Far above him, the dark angel spoke. “Now, how the fuck do you run this thing?”
Kate finished up work on a couple of graves and stood up straight, wondering how many more years of this her back could take. On the bright side, spring was in the air, the snow was gone — except for a few patches in the shade — and having remembered to wear rubber boots, she had dry feet. It took Kate a couple of trips to tote the grave care paraphernalia back to her car: a vase in need of proper washing, the few weeds that had grown separately bagged from the grass clippings according to their destiny as garbage or compost, large clippers, camera, ragbag and spray cleaner for the smooth-polished stones. At the car, it came to Kate she had no desire to leave.
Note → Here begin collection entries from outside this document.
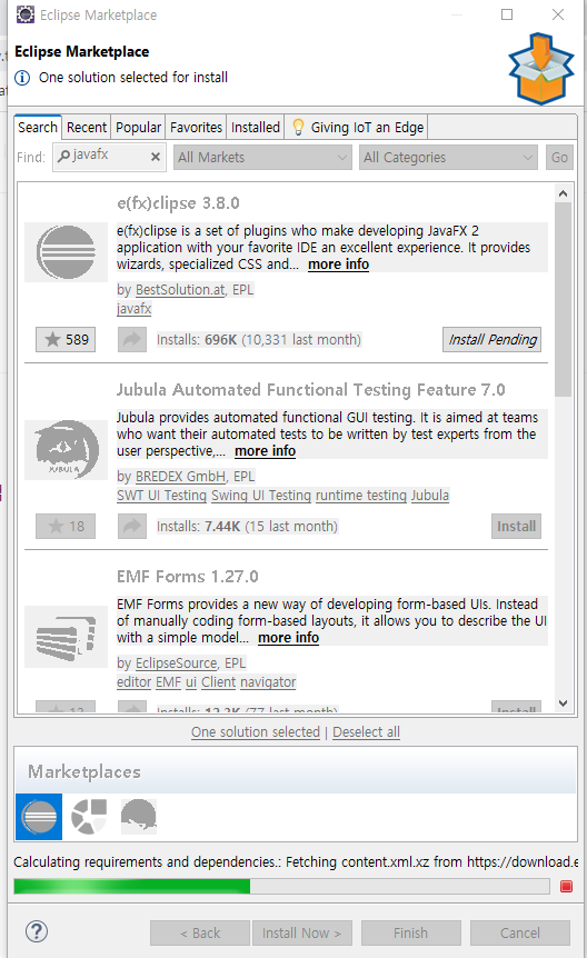 marketplace - javafx검색 - e(fx)clipse 설치
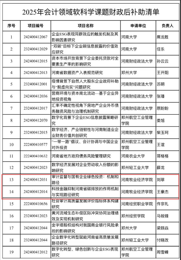 近日,2025年度河南省会计领域软科学课题财政资金后补助情况公示,KY开元官网刘翠博士的科研课题《审计监督与国有企业绿色投资:机制和路径》和王豪杰博士的科研课题《科技金融抑制河南省碳排放的作用机制与实现路径研究》获得财政资金后补助。
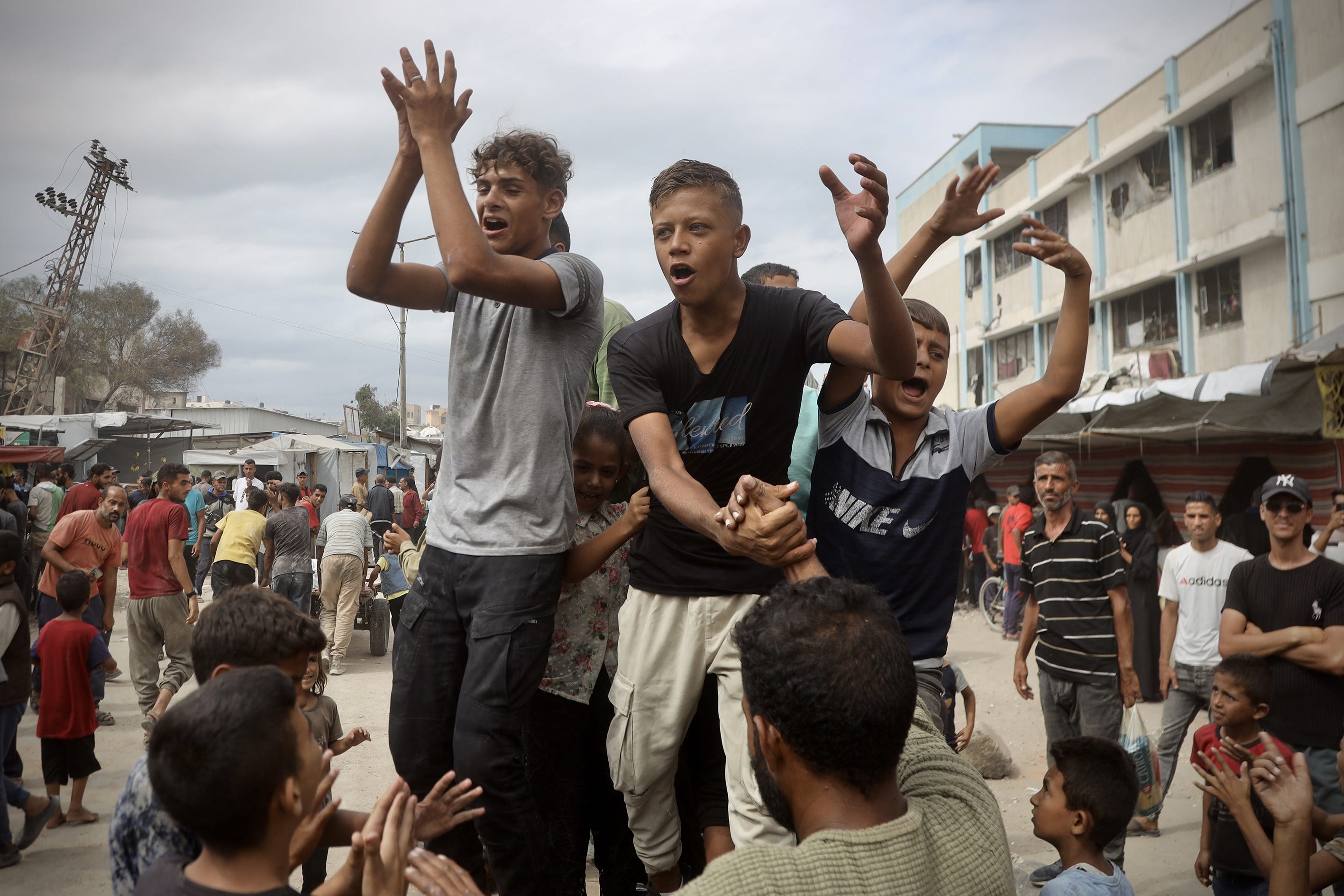 Palestinians gathered in the city of Khan Yunis to celebrate after the announcement of the ceasefire agreement in Gaza on October 09, 2025 in Khan Yunis, Gaza. (Photo by Abdallah F.s. Alattar/Anadolu via Getty Images)
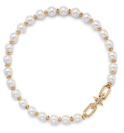18Kゴールドとダイヤモンドを組み合わせたネックレス、ブレスレット、リング、ピアスを展開。パールとスパイクモチーフを交互に配したネックレスやブレスレットは、構築的でありながら有機的な美しさを放つ。細部まで行き届いた仕上げは高品質で優良、見る者に確かな信頼感を与える。
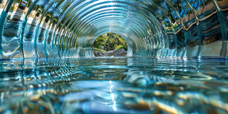 A captivating underwater perspective of a water slide tunnel, featuring shimmering water reflections.
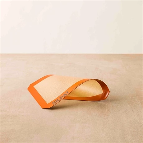 Anti-adhérente, flexible, fabriquée sans BPA, phtalates ou peroxyde, cette toile de cuisson revêtue Silpat 29,5 x 20,5 cm résiste à des températures allant de -40°C à +260°C et reste intacte jusqu’à 2500 utilisations.
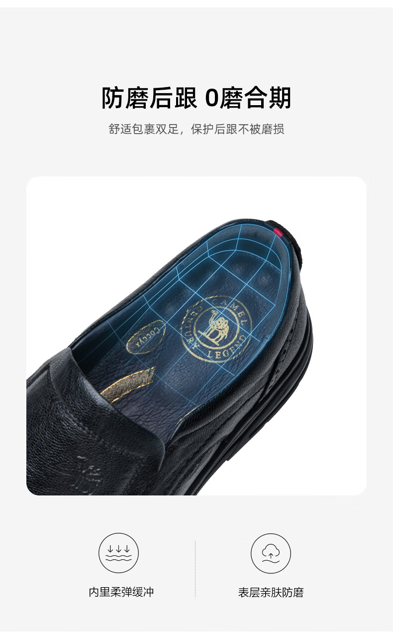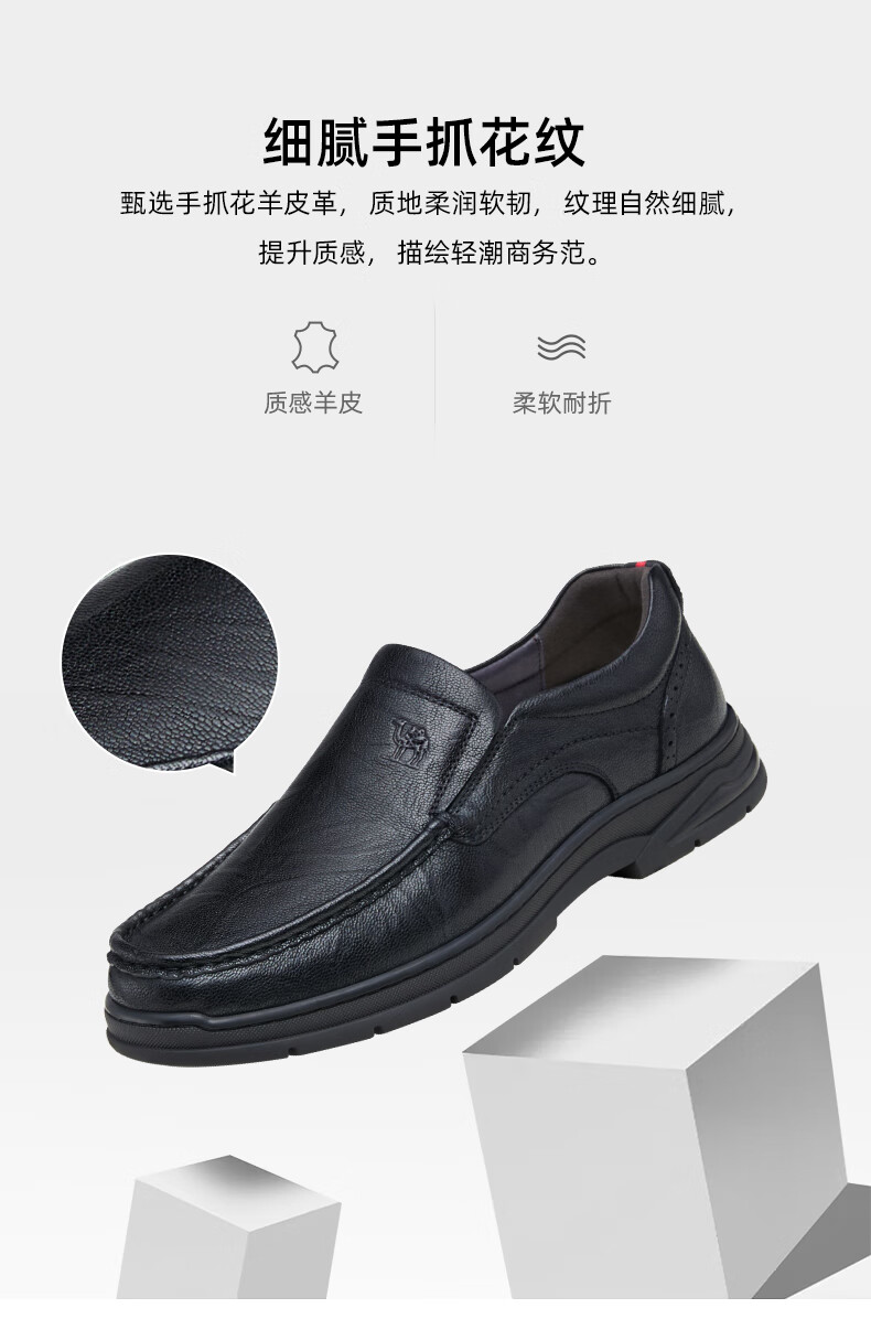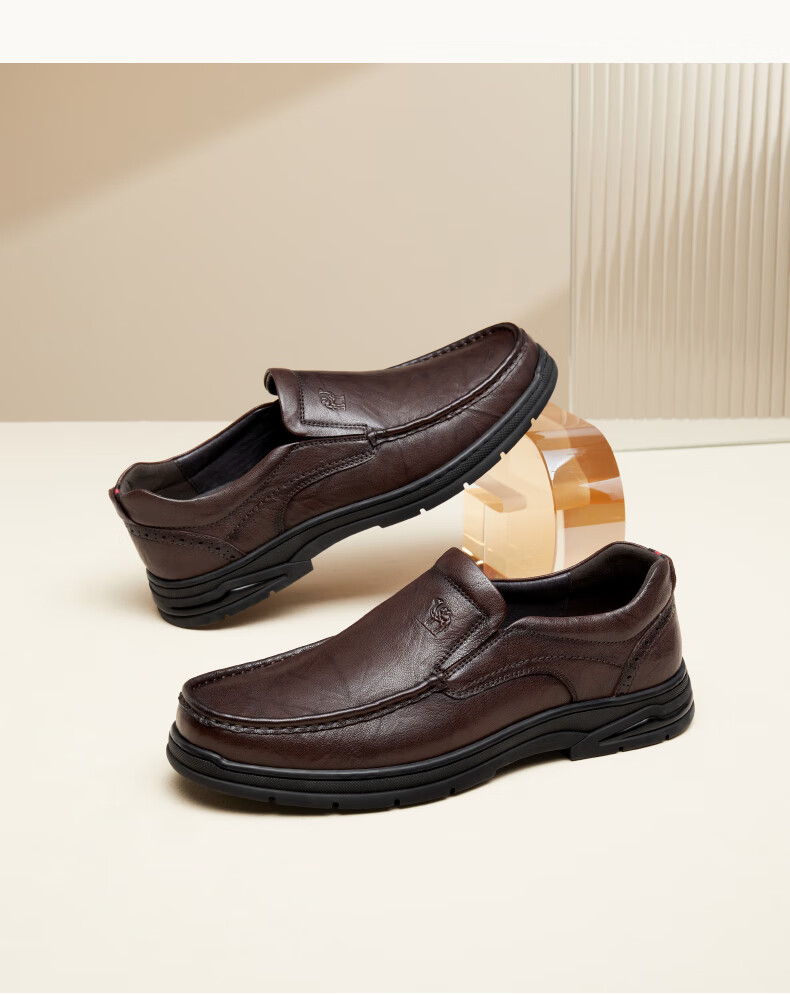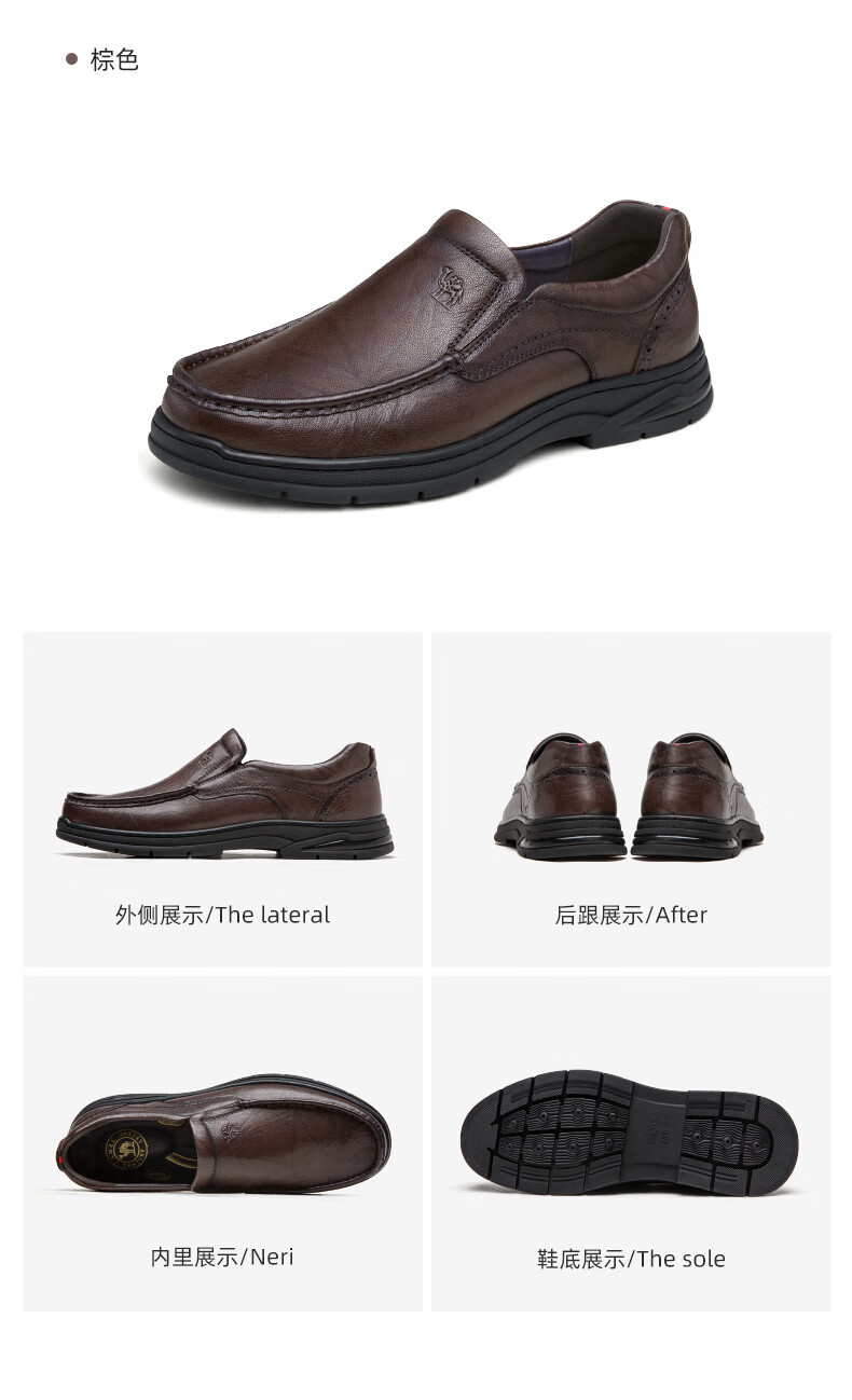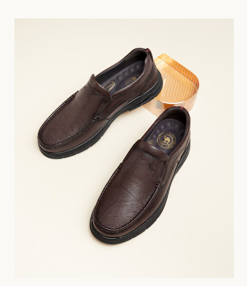 骆驼(CAMEL)软底舒适耐磨套脚中年商务休闲皮鞋男 GE12235379 棕色 40
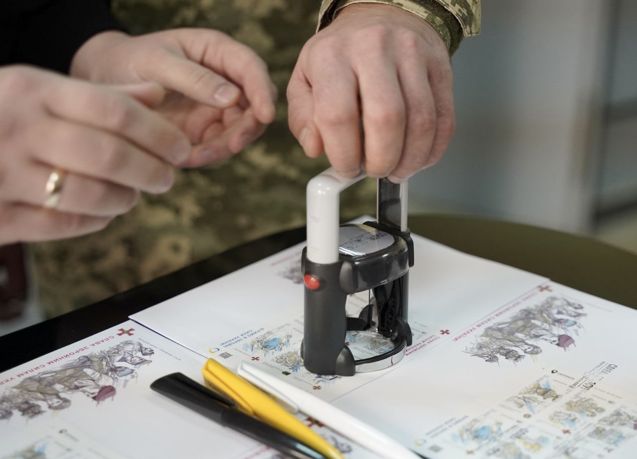 У День захисників і захисниць України в Полтаві погасили нову серію марок «Слава Збройним Силам України!». Про це повідомили у Полтавській обласній військовій адміністрації.
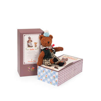 Baba the big bear is a charming articulated doll designed by Lucille Michieli. He loves the scent of jasmine and playing the banjo! Baba promises tender moments and unforgettable adventures for little ones Specifications Color: Multicolore Recommended Age: 0+ Material: Cotton, polyester, plastics PP Size (inches): L: 5,319 x W: 3,349 x H: 10,047 Weight (lbs): 0,165375 Care instructions: Machine washable at 30°C on wool cycle. No tumble dry.

A stunning day, nothing pressing — plenty of time for a stroll.
Kate knew just about every name in this cemetery. Most of those buried were her parents’ or grandparents’ contemporaries, but there was the odd baby (usually from old, less medically enlightened times). Worse than the babies, for Kate, were the two or three she’d known in school, who never made it past their teens. She stopped now at a plot she usually hurried past:
Kate cringed, as always, at the misplaced humour, which the family could hardly have intended. She could only suppose that, blind with grief, they didn’t see the effect until too late. And again, Kate marvelled at how a middle name, laid out like that, made her feel like a voyeur, how it took someone and stripped them naked for all to see. Arnold. After a grandfather, most likely. A farmer or a trainman from the heady days of logging and mining, when goods would arrive from the north by river, from the south by rail, to be redistributed from Pine Rapids’ little station, once an important hub.